R 一种从重复测量中聚合数据的有效方法
我正在分析一个大型实验的基因表达数据(12400个单细胞和23800个基因),我遇到了效率问题。我将在下面写一个可复制的示例,但我的问题如下: 我将数据集中的小鼠基因转换为人类基因,以便与之前公布的其他数据进行比较。在某些情况下有多个匹配(一个人类基因映射到多个小鼠基因)。在这些情况下,我想平均这些多个基因的表达值,并得出人类基因对应物的一个表达值。

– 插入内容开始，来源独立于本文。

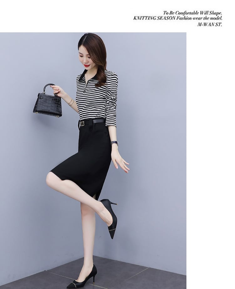 ドレス オータム薄手ストライプスカート 大きめサイズ 秋物 muto91900070103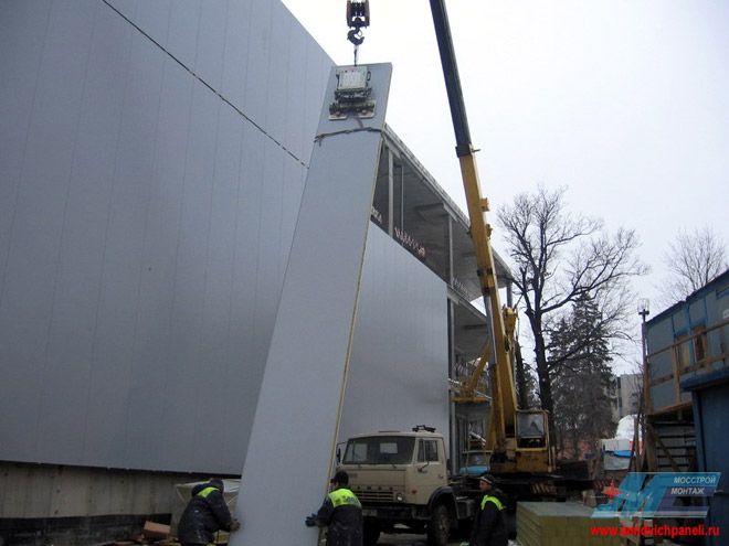 Наши объекты - Вертикальный монтаж стеновых сэндвич-панелей до 12 м

我可以通过将表达式数据转换为矩阵格式(允许重复的行名称)并应用R 一种从重复测量中聚合数据的有效方法,r,bigdata,aggregate,R,Bigdata,Aggregate,我正在分析一个大型实验的基因表达数据(12400个单细胞和23800个基因),我遇到了效率问题。我将在下面写一个可复制的示例,但我的问题如下: 我将数据集中的小鼠基因转换为人类基因,以便与之前公布的其他数据进行比较。在某些情况下有多个匹配(一个人类基因映射到多个小鼠基因)。在这些情况下,我想平均这些多个基因的表达值,并得出人类基因对应物的一个表达值。我可以通过将表达式数据转换为矩阵格式(允许重复的行名称)并应用aggregate()函数来实现这一点,但这需要花费很长的时间来处理大型数据集。这里很
aggregate()
函数来实现这一点,但这需要花费很长的时间来处理大型数据集。这里很难举例说明具体情况,但我的模拟分析管道如下:
data <- as.matrix(data.frame(cell1 = c(1,1,1,1,3,3),
cell2 = c(1, 2 ,4 ,10,5,10),
cell3 = c(0,0,0,1,10,20),
cell4 = c(1,3,4,4,20,20)))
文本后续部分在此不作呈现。